Vincent T. Davis, San Antonio Express-News

SAN ANTONIO, Texas – Rance Olison’s desire to teach goes back to his days growing up in El Dorado, AR, where his mother, a single parent, taught him and his four sisters to work for what they wanted in life. She instilled in them that belief that as long as they followed that philosophy, someone would step up and help them.

Olison lived with these values as what he calls a "suitcase player" with the San Francisco 49ers and the Kansas City Chiefs. Later, he passed his mother’s beliefs to students as a history teacher for 13 years at Sam Houston High School, as well as to players on the football field.

Known as "Coach O,", he used methods beyond textbooks, such as creating a history game five years ago for his students to play in class and use as a study guide for the Texas Assessment of Knowledge and Skills, or TAKS.

With the election of Barack Obama as the nation’s 44th president, Olison created a booklet titled "What the World Wants from Obama: Barack Obama’s Souvenir Historical Guide from 1619 – 2008," to teach his students the starting and ending points to a long chapter of American history.

The booklet is made up of five sections: the black national anthem; documents and amendments that had an impact on black Americans; presidents who had an impact; an African American timeline; and a biography of Barack Obama.

Olison said he though of developing the book after his wife brought home a pamphlet on Obama that a colleague had put together.

"I just want to get information out there that’s not in history books," Ollison says. "I wanted people to see what led to our newly elected president and people to understand the different documents and people who had a significant impact, both black and white."

Recently he shared a copy with his principal, Melonie Iglehart-Hammons.

"Coach Olison has been a walking, talking historian," Iglehart-Hammons says. "It’s not often that you have a resource that brings you all the way up to right now. I think that’s what’s so important about this."

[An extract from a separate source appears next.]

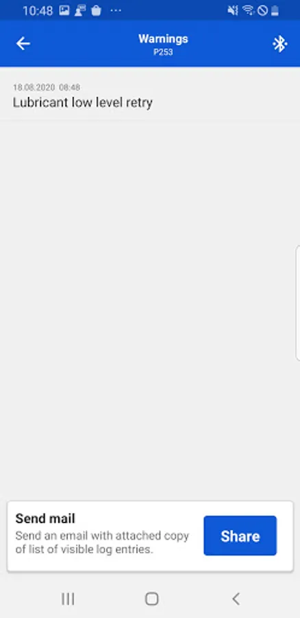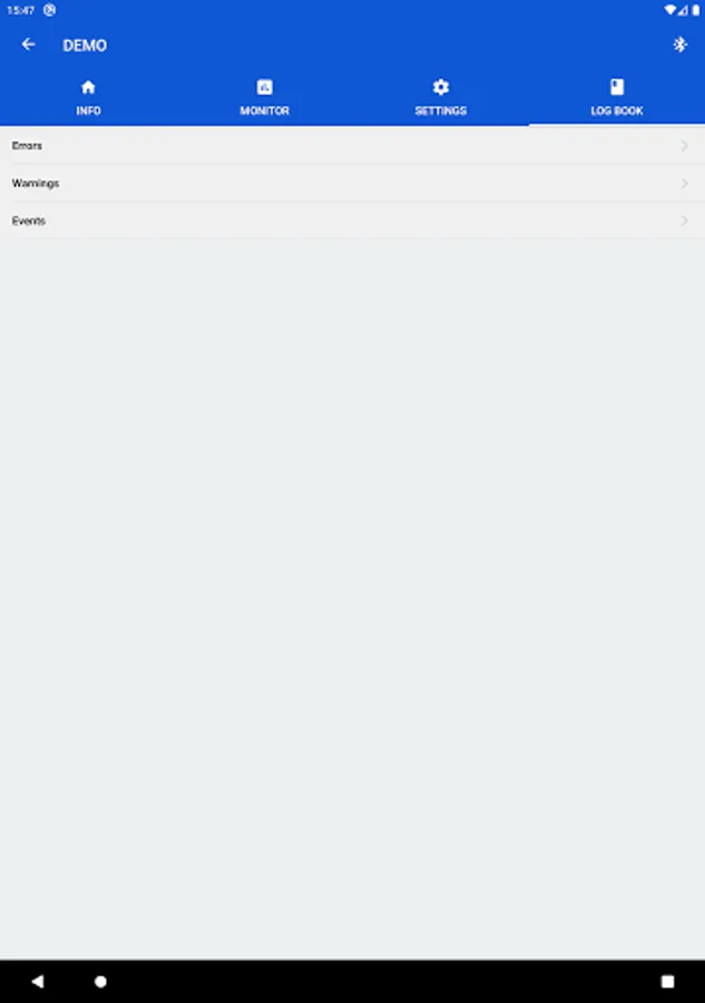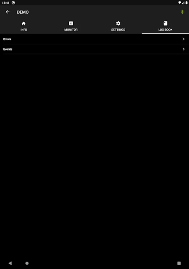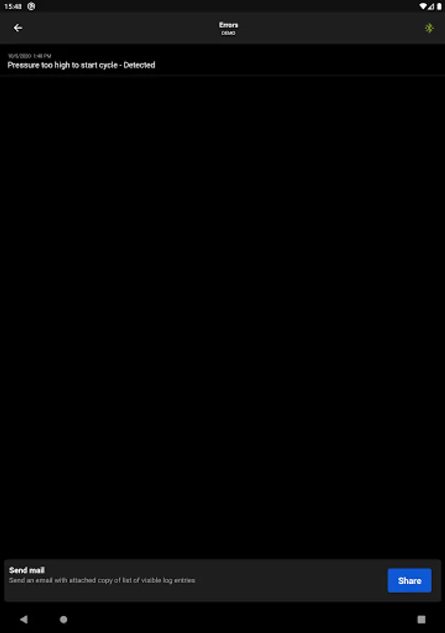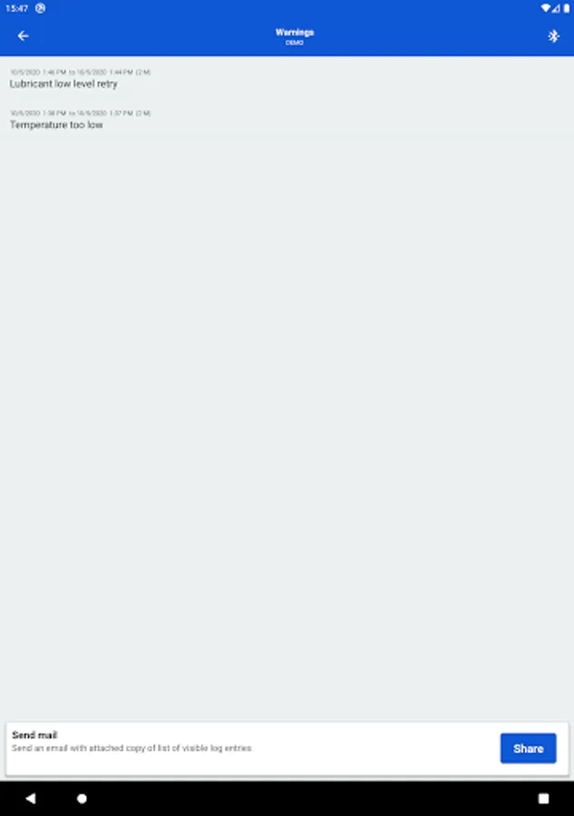 You can access all errors, warnings and events in the log book. Reports are saved automatically, and you can them sent by email. The log book functionality allows you to check if your equipment was maintained properly.

Olison also hopes she will share the booklet with his students, whom he hasn’t seen for several months because of a major health crisis.

While working on a computer on the morning of June 24, he says, he felt nauseated and asked a student to tell the secretary to call an ambulance. The next thing he remembers is seeing the doors of the hospital where he underwent triple bypass surgery.

After six weeks of rehabilitation he started working on the booklet.

His close friends say only a major health crisis could keep Olison from his teaching.

"Rance is the kind of person that though his students won’t see him every day, he’ll still get by there," says Dr. Jerry William Dailey, Olison’s pastor of 10 years. "He wouldn’t allow his absence to have a negative effect. He loves the school and though he’s not on staff, he’s a part of that family."

Olison plans to retire because of his health, but though he’s no longer in the classroom, he’s says he’s still motivated to give back.

"When you’re about "we and us" instead of "I and me," you are going to always have that touch in your heart where you can give back," Olison says. "I take pride in knowing that Sojourner Truth, Harriet Tubman, Adam Clayton Powell, Jr. Or Daisy Bates had an impact on events that led up to me being a teacher and teaching the way I was allowed to teach."